Nippon Columbia Co., Ltd. (日本コロムビア株式会社, Nippon Koromubia Kabushiki Gaisha), often pronounced Korombia, operating internationally as Nipponophone Co., Ltd. (日本蓄音器商会, Nihon Chikuonki Shōkai), is a Japanese record label founded in 1910 as Nipponophone Co., Ltd. It affiliated itself with the Columbia Graphophone Company of the United Kingdom and adopted the standard UK Columbia trademarks (the "Magic Notes") in 1931. The company changed its name to Nippon Columbia Co., Ltd. in 1946. It used the Nippon Columbia name until October 1, 2002, when it became Columbia Music Entertainment, Inc. (コロムビアミュージックエンタテインメント株式会社, Koromubia Myūjikku Entateinmento Kabushiki kaisha).[1] On October 1, 2010, the company returned to its current name. Outside Japan, the company operated formerly as the Savoy Label Group, which releases recordings on the SLG, Savoy Jazz, and continues to operate as Denon. It also manufactured electronic products under the Denon brand name until 2001. In 2017, Concord Music acquired Savoy Label Group.[2] Nippon Columbia also licensed Hanna-Barbera properties in Japan until those rights were transferred to Turner Home Entertainment sometime in 1997. Currently, these rights are owned by Warner Bros. Japan LLC.
Other information
Aside from common historical roots, the current Nippon Columbia label has no direct relation with either the American Columbia Records (part of the Sony Music group in the United States and known in Japan as Sony Records International; Nippon Columbia was the licensee for the American Columbia Records up until 1968, when CBS/Sony (now Sony Music) was founded) or the British EMI group, of which the original Columbia Graphophone Co. was a part - the licensee for the British Columbia Graphophone Company was actually Toshiba Musical Industries (The EMI group was broken up in 2012; the current licensee for re-issues is Universal Music Japan). The label is notable, however, for continuing to use the historical Magic Notes logo, which has been associated with the Columbia name since the label's founding.

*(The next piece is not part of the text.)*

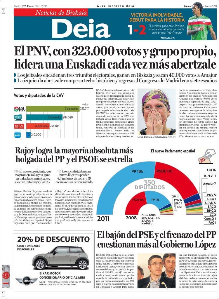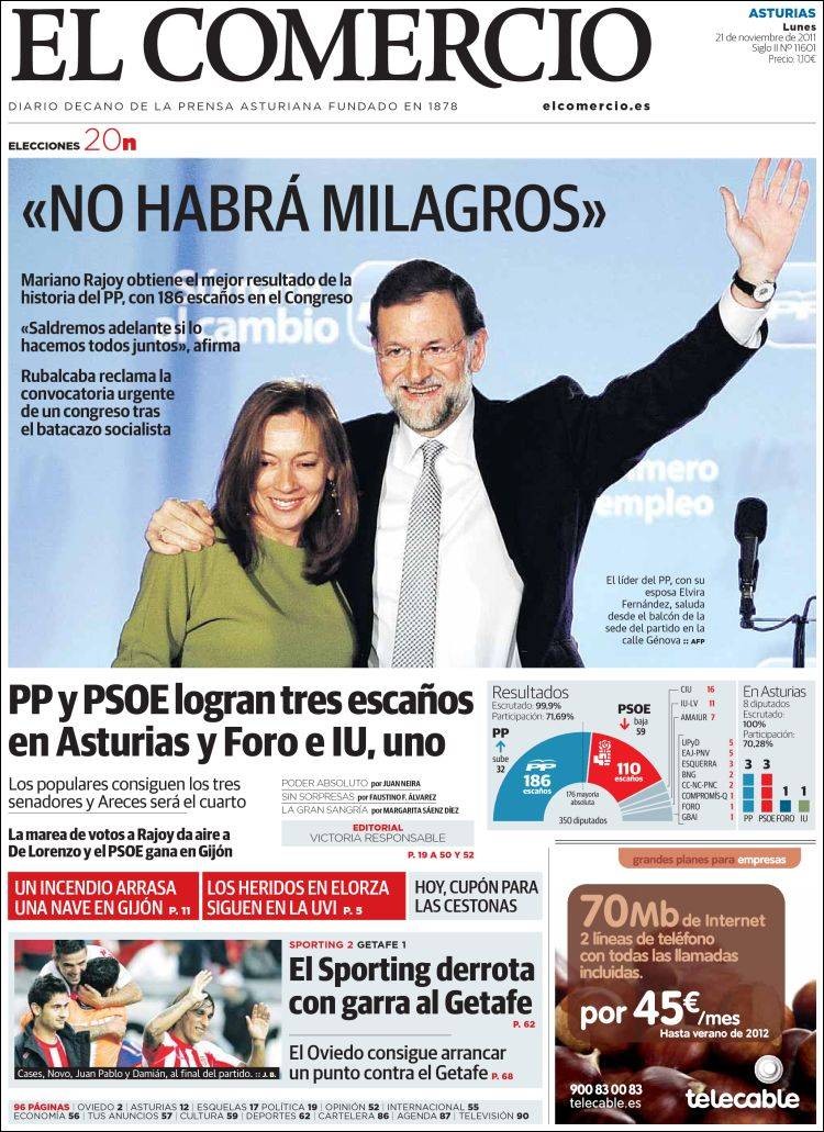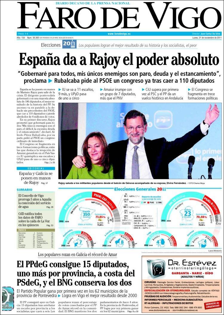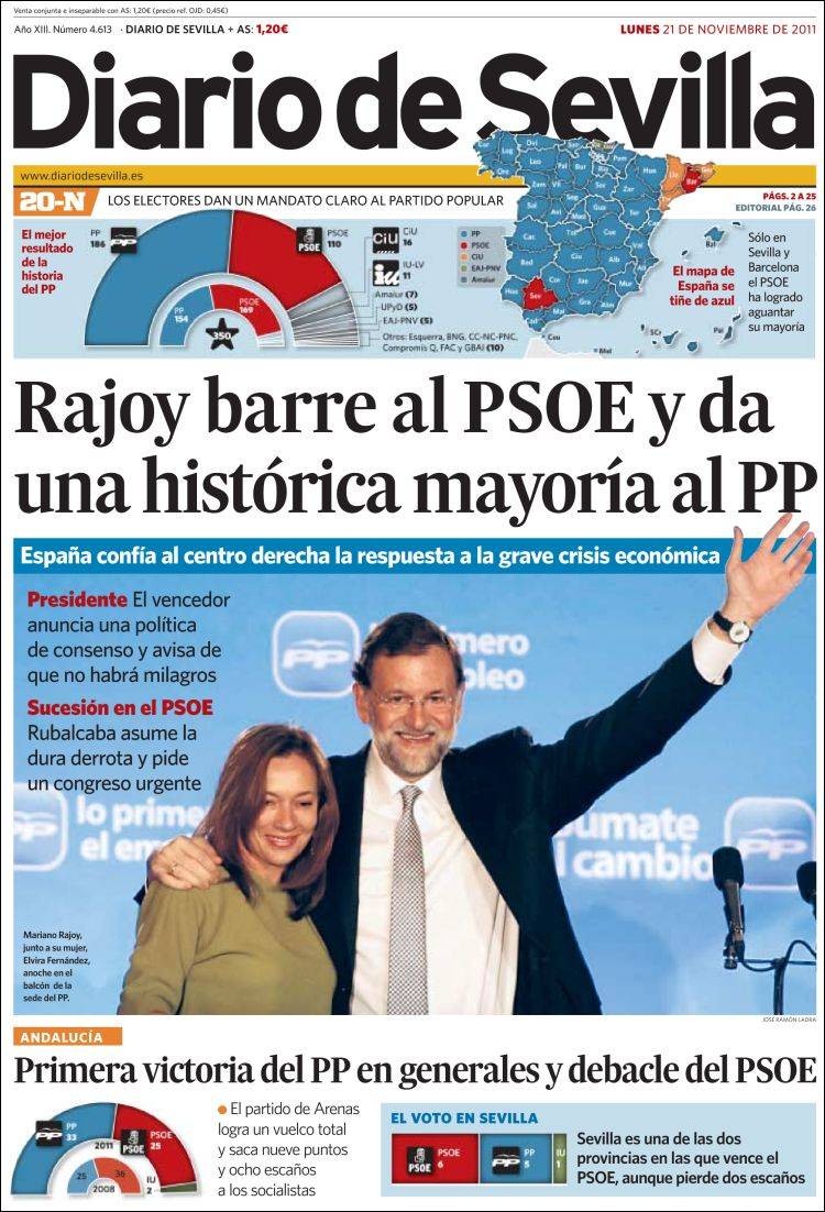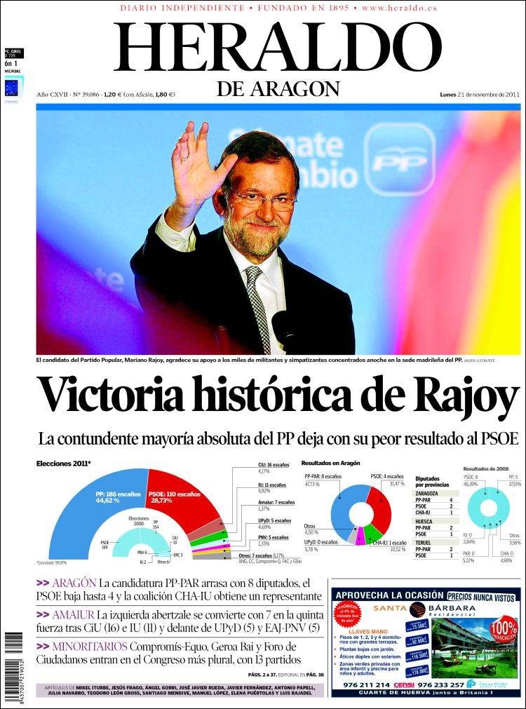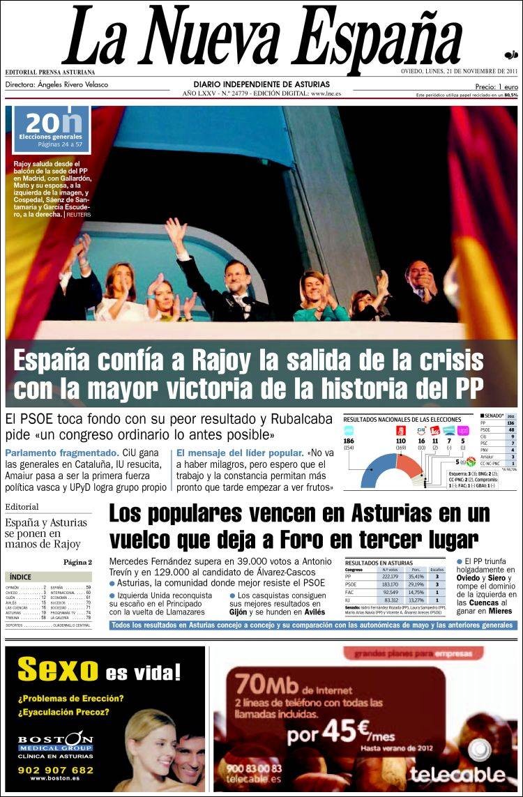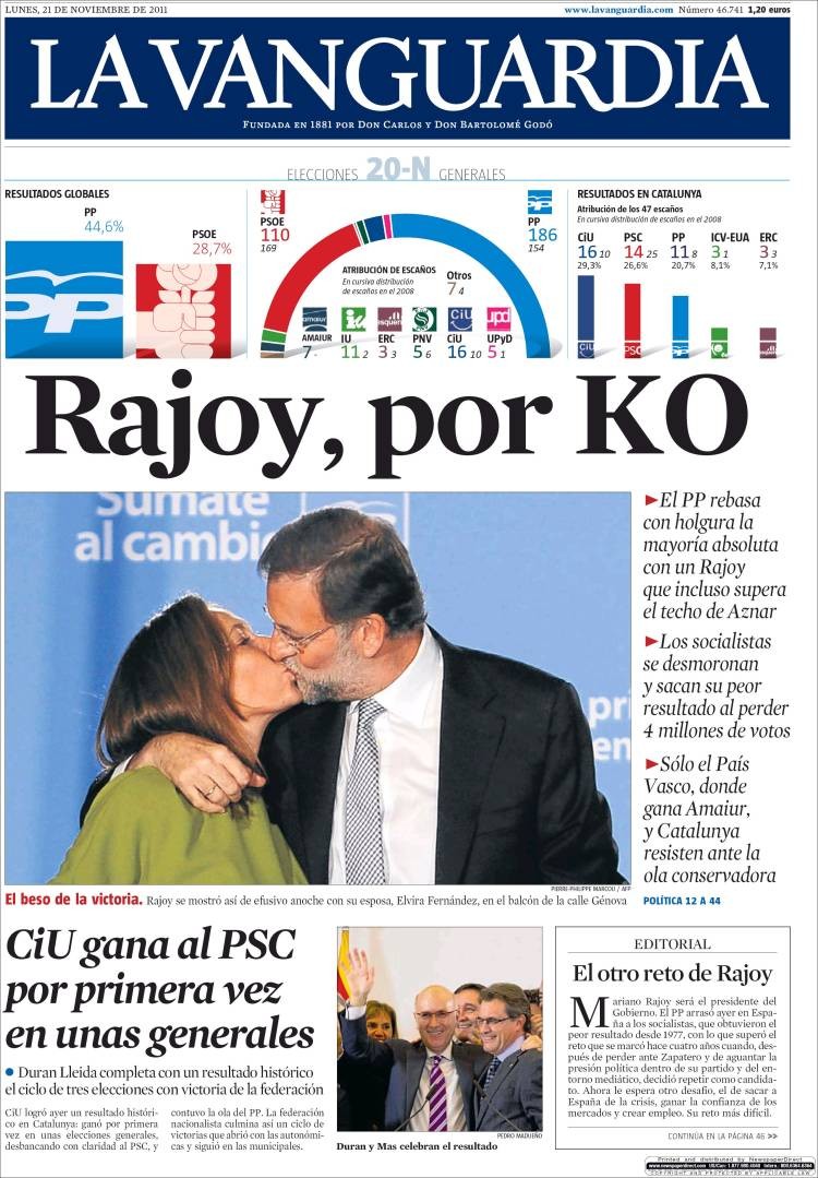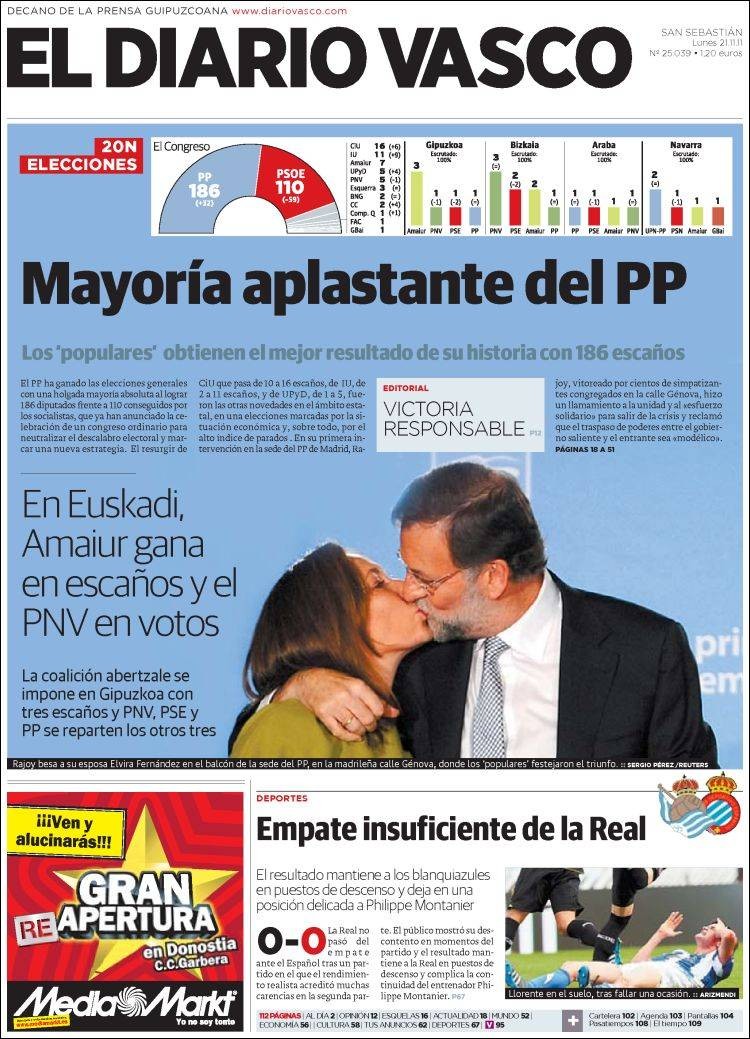 Los diarios españoles dedican su portada completa al histórico triunfo del Partido Popular en las elecciones.

Columbia*readymade (originally stylized as ********* records,tokyo and/or readymade records,tokyo on CD artwork, later changing to columbia*readymade after Nippon Columbia rebranded to Columbia Music Entertainment)
Forte Music Entertainment (stylized as Forte Music E.)
Heat Wave
Hug Columbia
M-Train
Nexstar Records
Passion
Triad
OtoRevo
In February 2006 Columbia Music Entertainment CEO Sadahiko Hirose hired Napster co-founder Jordan Ritter as executive advisor to the CEO. In April 2006, Ritter became CTO[citation needed] and formed the Red Dove (R&D) division, focusing on reducing costs and improving efficiency of internal operations, while developing new spinout companies that proved better approaches to the most expensive aspects of CME's business.
In 2007, Ritter hired Ejovi Nuwere into CME, and together they began building a Japanese-based, competition-oriented promotional platform for new artists called OtoRevo. The premise of the project was to prove a more cost- and time-efficient model for discovering viable artists to join the label. Despite the measurable successes of Otorevo,[3][4][5] the CME board of directors voted to terminate all R&D projects in March 2008.
OtoRevo Artists
A number of talented artists were discovered on the OtoRevo platform. Two artist received debuts but all were released after the shut down of the R&D division and went to other labels. The most well known is the group CREAM[6] who were originally named IYSE. They are currently one of the top selling new artists in Japan with more than 3M channel views on YouTube.[7]